Od ponad miesiąca katuję pioneera. Jest to nowy nierotujący format, gdzie możemy grać wszystkimi kartami z setów od Return to Ravnica. Od momentu listopadowych narodzin, zebrał on ogromne rzesze entuzjastów, również w naszym kraju. Nadchodzący Players Tour oraz Grand Prix w Brukseli sprawiają, że hype na granie pionieera jest w tej chwili ogromny. Dlatego postanowiłem dogłębnie przeanalizować format i podzielić się tym z Wami. Planujecie zagrać GP, PT lub jakikolwiek inny turniej w tym formacie? To artykuł dla Was!
Bany
Bany w pioneerze nie odbywają się tak, jak w innych formatach. Aby szybko zbalansować format wizardzi postanowili wprowadzać zmiany często. Tak zwany ban hammer miał, ale wcale nie musiał, uderzać w każdy poniedziałek. Uderzał często. W chwili obecnej na liście banów znajduje się całkiem pokaźna ilość kart. Są to:
- Bloodstained Mire
- Felidar Guardian
- Field of the Dead
- Flooded Strand
- Leyline of Abundance
- Oath of Nissa
- Oko, Thief of Crowns
- Once Upon a Time
- Nexus of Fate
- Polluted Delta
- Smuggler’s Copter
- Veil of Summer
- Windswept Heath
- Wooded Foothills
Warto bliżej zapoznać się z listą, choćby dlatego, że jeszcze miesiąc temu była o jedną trzecią krótsza. W tym miejscu mam dwie dygresje. Pierwsza jest taka, że, jak widać po powyższym spisie, dużo jest na nim kart, które wydrukowane zostały w ostatnim roku, co fatalnie świadczy o dziale R&D Wizardów. Dla kogoś, kto śledzi oficjalne przecieki z nowego dodatku trudno również nie zauważyć, że spoilery nie napawają w tym względzie optymizmem. Druga myśl jest natomiast pozytywna. Uważam, że bany co tydzień to bardzo dobry sposób na szybkie doprowadzenie formatu do porządku. To właśnie stało się z pioneerem. Wszystkie zbanowane karty zasłużyły na swój los. Cieszyłbym się, gdyby zwyczaj cotygodniowej możliwości banów dotyczył każdego formatu, tak aby eliminować błędy R&D tak szybko jak to możliwe, a nie czekać na nieuniknione. Hogaak, Oko czy Once Upon a Time były banowane po półtora miesiąca, o półtora za długo.

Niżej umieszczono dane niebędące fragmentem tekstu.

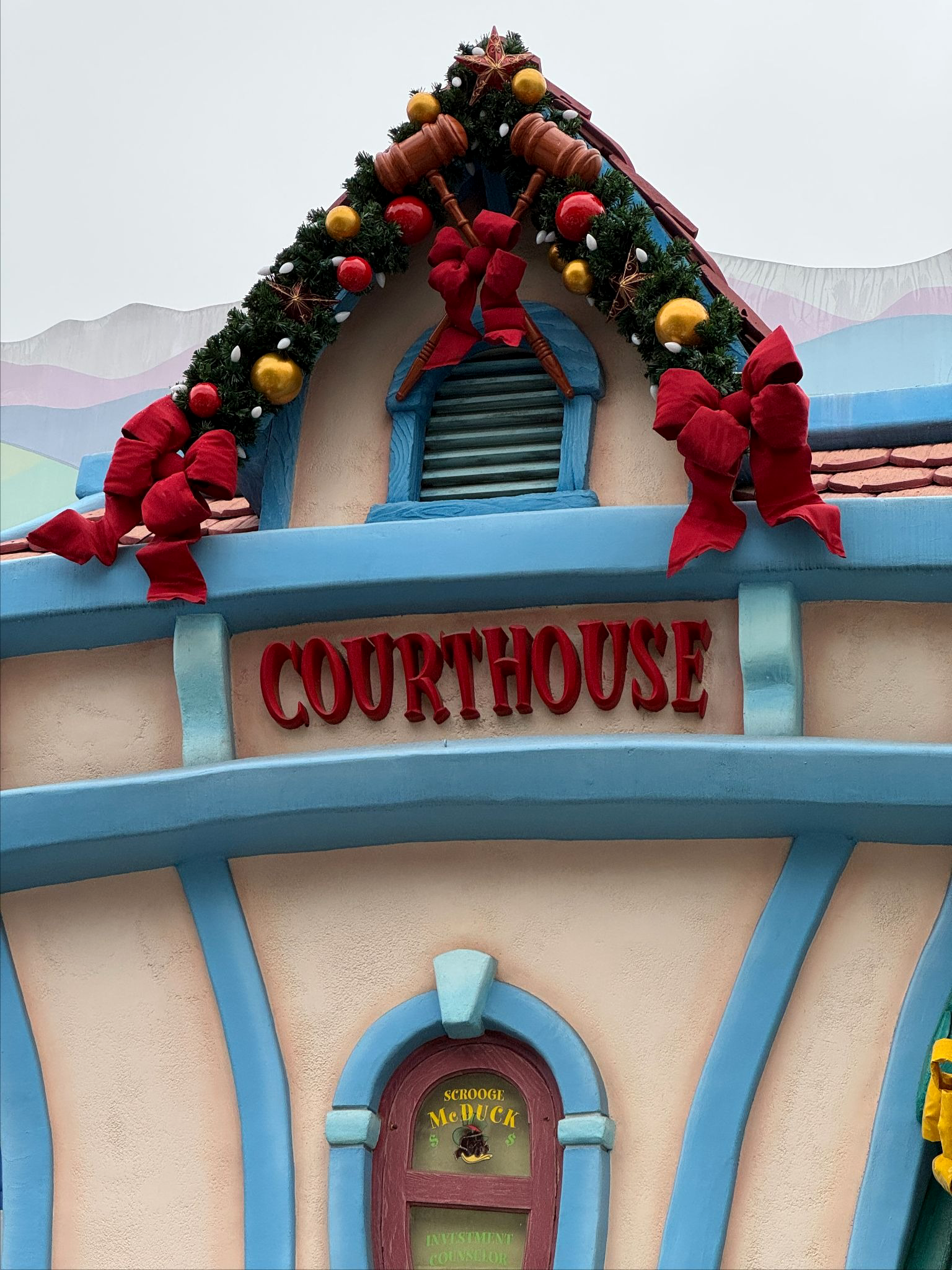 - Each building has ornaments representing their respective theme, including giant bills at the bank, giant peppermints at the dentist, and nautical designs on Donald’s Boat.

Pionieer jest teraz dobrym formatem. Bez dominacji jednego decku, z dużą różnorodnością konstrukcji, sporym polem do eksploracji i innowacji. Na chwilę obecną nie spodziewam się jakichkolwiek banów przed Players Tourem i Grand Prix, gdyż żaden z decków nie wydaje się dominować, a o zwycięstwie decyduje poziom umiejętności, game plan i metagaming.
Archetypy
Tak jak napisałem przed chwilą, różnorodność decków jest ogromna, jak również strategii. Można grać czymkolwiek się lubi. Sensowne wydają się wszystkie strategie: agresja, kontrola, rampa, midrange, combo, grave decki. Poniżej postaram się opisać wszystkie archetypy oraz większość decków, które osiągają jakieś sukcesy w metagame.
Aggro
Wydaje się mieć najwięcej możliwości, gdyż agresywne konstrukcje dostępne są praktycznie w każdym z kolorów. Najlepsze wydają się być Mono Green, Mono Red, Mono Black, Izzet Ensoul i RG Stompy. Nie polecam WW ani Mono Blue Tempo.
Izzet Ensoul
Deck jest spadkobiercą modernowego affinity. Plan na grę jest prosty. Mamy tu osiem efektów zmieniających nasze taniutkie artefakty w stwory 5/5. Dużo małych, artefaktycznych kreatur posiadających zdolności ewazyjne tj. latanie lub nieblokowalność, tak, by po staniu się dużymi szybko przebijały obrażenia. Są też elementy interaktywne w postaci palenia i kontr oraz Shrapnel Blasty na dobicie. Deck jest konsystentny i szybki, jednak posiada słabość do point removalu, przeciwko któremu naszą jedyną linią obrony jest zamienianie Darksteel Citadel w niezniszczalnego stwora 5/5. Polecam agresywne mulliganowanie kiepskich otwarć, gdyż niedobranie wszystkich elementów układanki skutkuje niefunkcjonalnymi startami z dużą ilością typów 1/1 “nic nie robię”.
Mono Redy
Obecnie na turniejach można zaobserwować aż trzy różne wersje: Small Red, Big Red i Burn. Wszystkie trzy mogę z czystym sumieniem polecić. Small Red i Burn różnią się od siebie proporcjami burn spelli i kreatur, natomiast Big Redy korzystają często z dużej ilości kart midrangowych, takich jak Goblin Chainwhirler, Rekindling Phoenix i Glorybringer. Co ciekawe, wszystkie trzy warianty są bardzo dobre i mogę je z czystym sumieniem polecić. Są względnie proste w opanowaniu i bardzo efektywne.
Small Red
Mainboard (60) 16 Mountain 4 Ramunap Ruins 4 Bomat Courier 4 Monastery Swiftspear 4 Soul-Scar Mage 4 Ghitu Lavarunner 4 Eidolon of the Great Revel 4 Lightning Strike 4 Wild Slash 4 Light Up the Stage 4 Bonecrusher Giant 4 Wizard’s Lightning | Sideboard (15) 2 Fry 4 Experimental Frenzy 2 Rampaging Ferocidon 3 Roast 4 Searing Blood |
Big Red
Mono Red Burn
Mono Green Devotion
Niektórzy nie zgodzą się ze mną i zamieszczą ten deck w sekcji combo. Może tak być dlatego, że deck jest zupełnie nieinteraktywny, a jedyne co robi, to realizuje swój gameplan, który polega na połączeniu kilku elementów. Zupełnie jak w combo decku. ten gamplan Jest prosty i zawiera dwie linie:
- t1 elf, t2 Steel Leaf Champion, t3 Nykthos + Ghalta;
- t1 elf, t2 Syr Faren, t3 Aspect of Hydra + Ghalta.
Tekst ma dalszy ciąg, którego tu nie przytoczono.